Connecticut is one of four states that do not pay for smoking cessation help under Medicaid, though the state has received more than $1 billion in tobacco settlement funds designed to build an anti-smoking war chest.
But Kevin Lembo, who pushed for the coverage as the state’s health care advocate, said that he expects the incoming administration of Gov.-elect Dan Malloy to make Medicaid funds available for cessation. Statistics show that cessation programs are far less expensive than disease treatment.
“I think we’re heading in the right direction now and at long last,” said Lembo, who is the state comptroller-elect. The Department of Social Services, at the direction of the governor, needs to make policy change to bring Connecticut in line with other states, he said. “I am feeling very good about it,” Lembo said.
The state’s overall smoking rate is below the national average at 15.9 percent, but about 40 percent of Medicaid recipients smoke, according to a study by the Connecticut Health Policy Institute.
Medicaid does cover a long list of smoking-related expenses, from emphysema treatments to lung transplants. Medicaid patients who are pregnant are offered smoking cessation services. That coverage began last Oct. 1, mandated by federal health care reform.

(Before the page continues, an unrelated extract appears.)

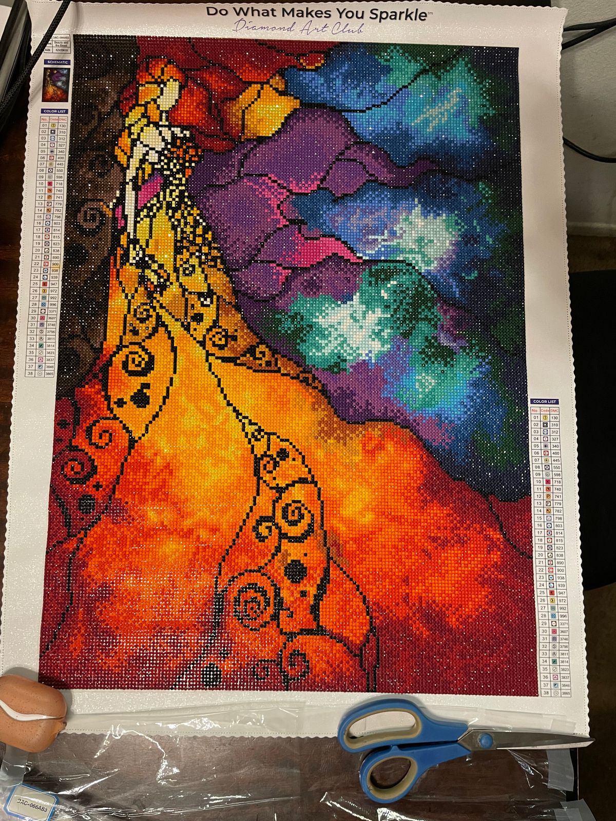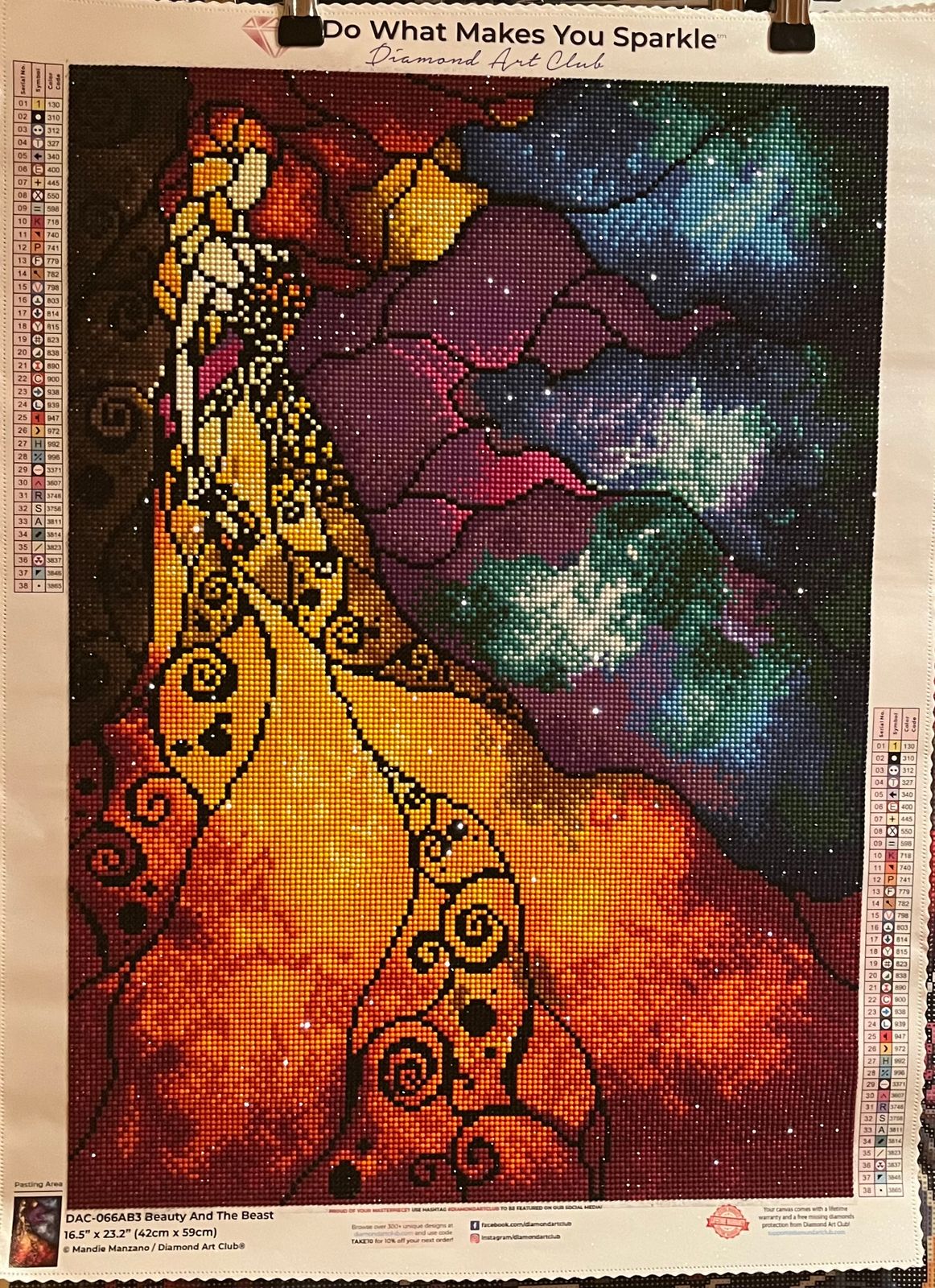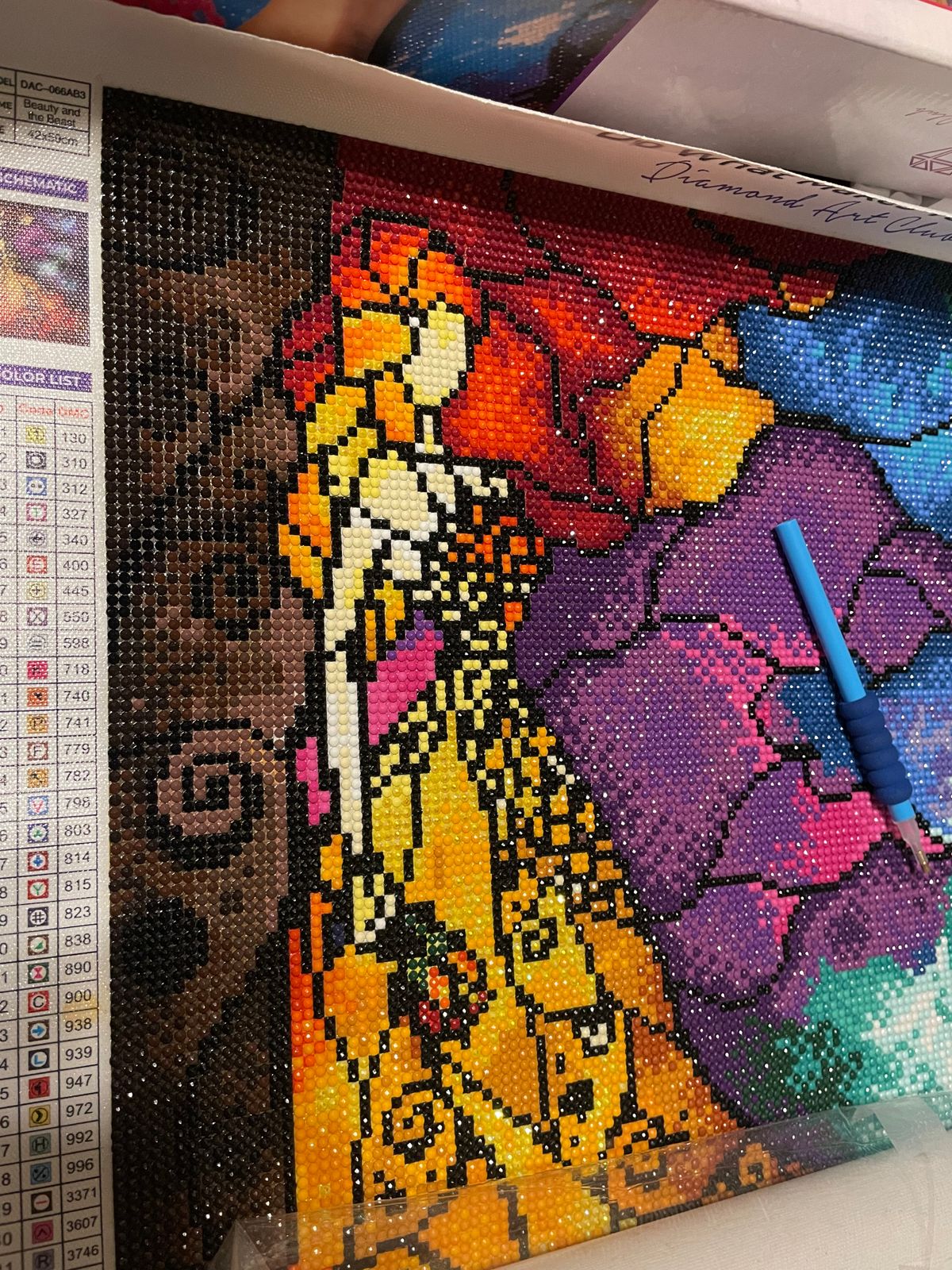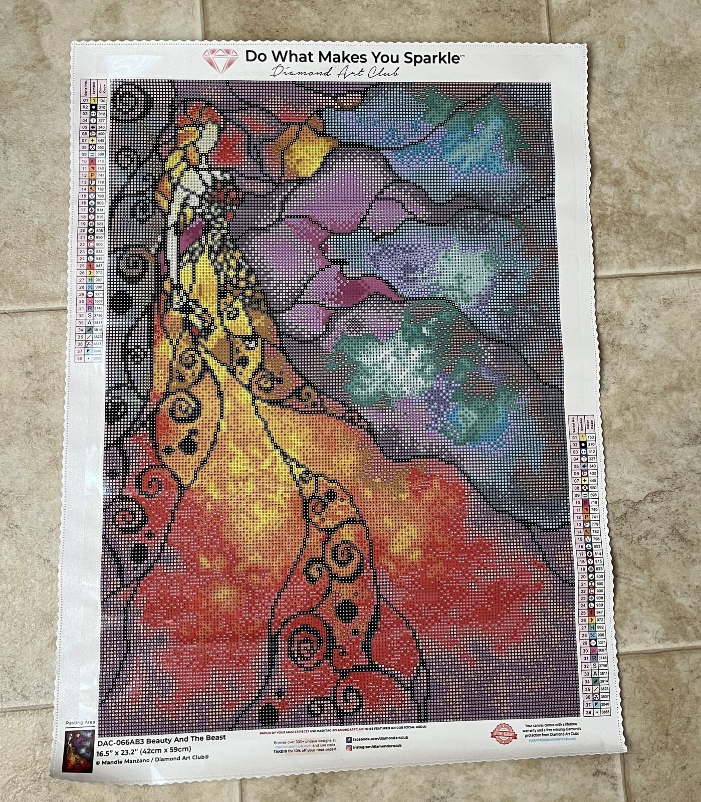 One of my favorite Mandy Manzano diamond paintings! I have a number of her princess-inspired paintings on my wall, and I absolutely love how beautiful Belle’s dress is, and how the shadow of the beast is in the background. I added more sparkle to her dress with switching out some diamonds drills with some extra AB drills I got online, and I adore the way it sparkles in the sun! The colors used in this rendering are gorgeous, and this was a relatively quick painting to do with a lot of small color blocks and the medium canvas size. Had very little trash drills and DAC canvases and supplies are always of the highest quality! I’ve been a long-time customer for good reason.

Other states found that paying for smoking cessation for Medicaid recipients prevented costly tobacco-related illnesses. Among Massachusetts Medicaid subscribers who used their cessation benefit, there was a 46 percent drop in hospital admissions for heart attacks and a 49 percent decline in admissions for other acute cardiac conditions, according to a state study released in November.
It costs approximately $60,000 to provide treatment after a heart attack, in contrast to about $500 to help a smoker quit, said Patricia Checko, chair of Mobilize Against Tobacco for Children’s Health, a non-profit grass roots organization.
“Connecticut’s Medicaid budget is funded 100 percent up-front in the DSS budget, before partial federal reimbursement later comes to the general fund as revenue. This means additional dollars (need) to be identified up-front even when long-term benefits may be realized later,” said DSS spokesperson David Dearborn. In other words, the budget agreed upon by the legislature and governor determines whether resources are available to fund specific Medicaid services such as smoking cessation. He added that the state has used anti-tobacco money to operate a free QuitLine, where smokers can get nicotine gum or patches on a first-come-first-served basis.
Advocates will likely push for full Medicaid coverage for smoking cessation, including prescription drugs, nicotine replacement and counseling when the General Assembly convenes this week.
“It’s been a lack of commitment to the concept, despite the bankroll,” said Checko.
In 1998, Connecticut joined 45 states in reaching a $246 billion settlement with tobacco companies to be paid out in perpetuity. The state’s take was estimated to come to $3.6 to $5 billion over the first 25 years, a sum that was expected to go toward preventing children from using tobacco and helping adults quit. The settlement did not explicitly require states to use the money for these purposes, though its architects insist that was the intention.
“As I have repeatedly advocated, Connecticut has a public health and financial duty to properly invest our tobacco settlement dollars—more than one hundred million annually—in smoking cessation and prevention programs,” Attorney General Richard Blumenthal said in a statement after the Massachusetts study was released. Blumenthal, a U.S. Senator-elect, represented Connecticut in the settlement.
Only $9.1 million of the $1.29 billion received has gone to tobacco control, according to a 2009 report by Connecticut’s Tobacco and Health Trust Fund Board of Trustees. The state also has a $3-a-pack tax on cigarettes, which raised more than $380 million in the last fiscal year, according to the state Office of Legislative Research. That’s another pot of money advocates, like Checko, would like to draw on for smoking cessation.
The state has been criticized nationally for the way it uses its settlement funds. The Campaign for Tobacco Free Kids recently rated Connecticut 45th out of 50 states in investment to control tobacco. The state has $400,000 in trust funds set aside for tobacco control in fiscal 2011, which is .9 percent of what the federal Centers for Disease Control recommends. Yearly health care costs directly attributable to smoking in Connecticut are $1.63 billion, according to the campaign’s report.
Checko is optimistic that anti-tobacco groups stand a better chance of reaching their goal in the legislative session. The struggle has been so long in part because of a general hesitancy by the state to invest in public health, Checko said.
“This isn’t our only example, if you look at the way we fund public health and prevention in general,” she said.
The Connecticut Health Policy Institute report was funded by Universal Health Care Foundation, which is a C-HIT funder.